[DATASET — start]

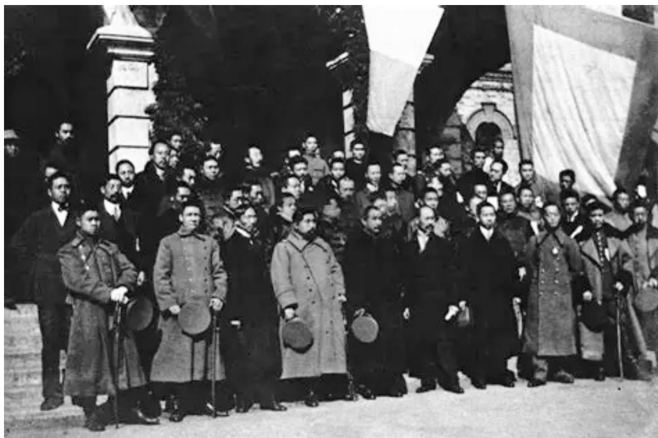
सन् १९१२ जनवरीका दिन नानकिङ अन्तरिम सरकारको व्यवस्थापिका घोषणा समारोहमा सहभागी चिनियाँ नेताहरू (पहिलो पङ्क्तिको बायाँबाट पाँचौँ स्थानमा डा. सन यात सेन)

सन यात सेनको क्रान्तिकारी लीगले देशभर छिड शासनको विरोधको तयारी गर्‍यो। त्यसबेला एक लोकगीत प्रचलित थियो - कसैको आशीर्वाद र ज्योतिषको मुहुर्त चाहिँदैन तीनवर्षे बाल सम्राटको बाबुको शासन टिक्दैन
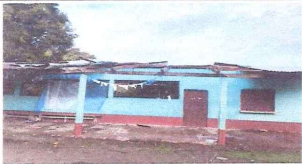
Foto1: MEJORAMIENTO DE TECHO Y COSTANERAS
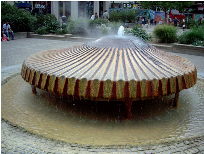
Abbildung 5: Kochbrunnen-Springer, Granit-Fassung.
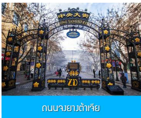
ถนนจงยางต้าเจีย
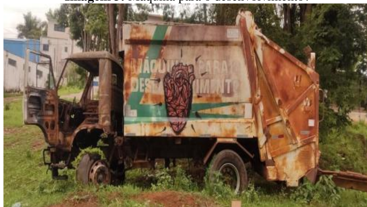
Imagem 3: Máquina para o desenvolvimento?

Nesse movimento, o coração fragmentado de Rieux atua como imagem-dispositivo, pulsando e atravessando corpos, educando olhares e sentidos, e convidando aqueles que o encontram a perceber que os espaços cotidianos da cidade podem ser renovados. Um signo que alerta para a possibilidade de criação de novos mundos, inscrevendo no cotidiano a potência de sentir, imaginar e reinventar o espaço urbano. Ao mesmo tempo, em sua força visual, o coração se apresenta como gesto de crítica, como em outra intervenção onde Rieux o pintou sobre a carcaça enferrujada de um caminhão de lixo abandonado (Imagem 3). Ali, com traços pretos, preenchido com a cor vermelha, seu coração articula simultaneamente crítica e convite à reflexão, abrindo fendas para mais uma vez percebermos, habitarmos e interagirmos com o urbano.
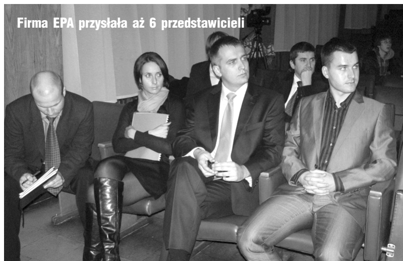
Firma EPA przysłała aż 6 przedstawicieli

inwestycyjnym. To nie burmistrz jest winien, że rozpoczyna procedurę planistyczną. To nie jest winna rada, że ten temat podjęła. W przepisach jest określone, że na wniosek inwestora burmistrz ma obowiązek rozpocząć procedurę planistyczną, czyli rozpocząć zmiany w planie zagospo-
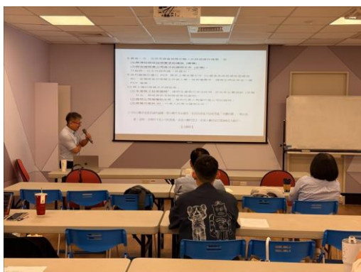
老師正在講解 CBAM 填報最後步驟，包括 PDF 格式、法人證明等需附加的資料。
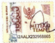
Avifah Sinta Suharyono
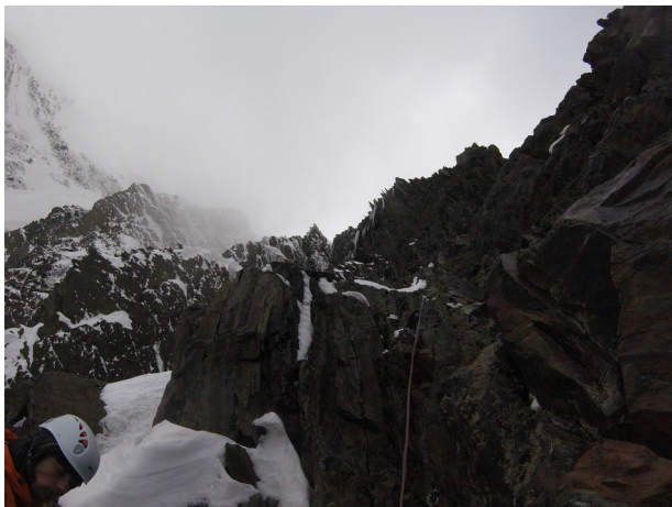
Abbildung 18: Der brüchige obere Wandteil etwa 2 Seillängen unterhalb des Ausstiegs.

[DATASET — finish]

> [DIRECTIONS FOR THIS TASK]:
Show the lines of the material that contain the word "Abbildung".

> [ANSWER TO THIS TASK]:
Abbildung 5: Kochbrunnen-Springer, Granit-Fassung.
Abbildung 18: Der brüchige obere Wandteil etwa 2 Seillängen unterhalb des Ausstiegs.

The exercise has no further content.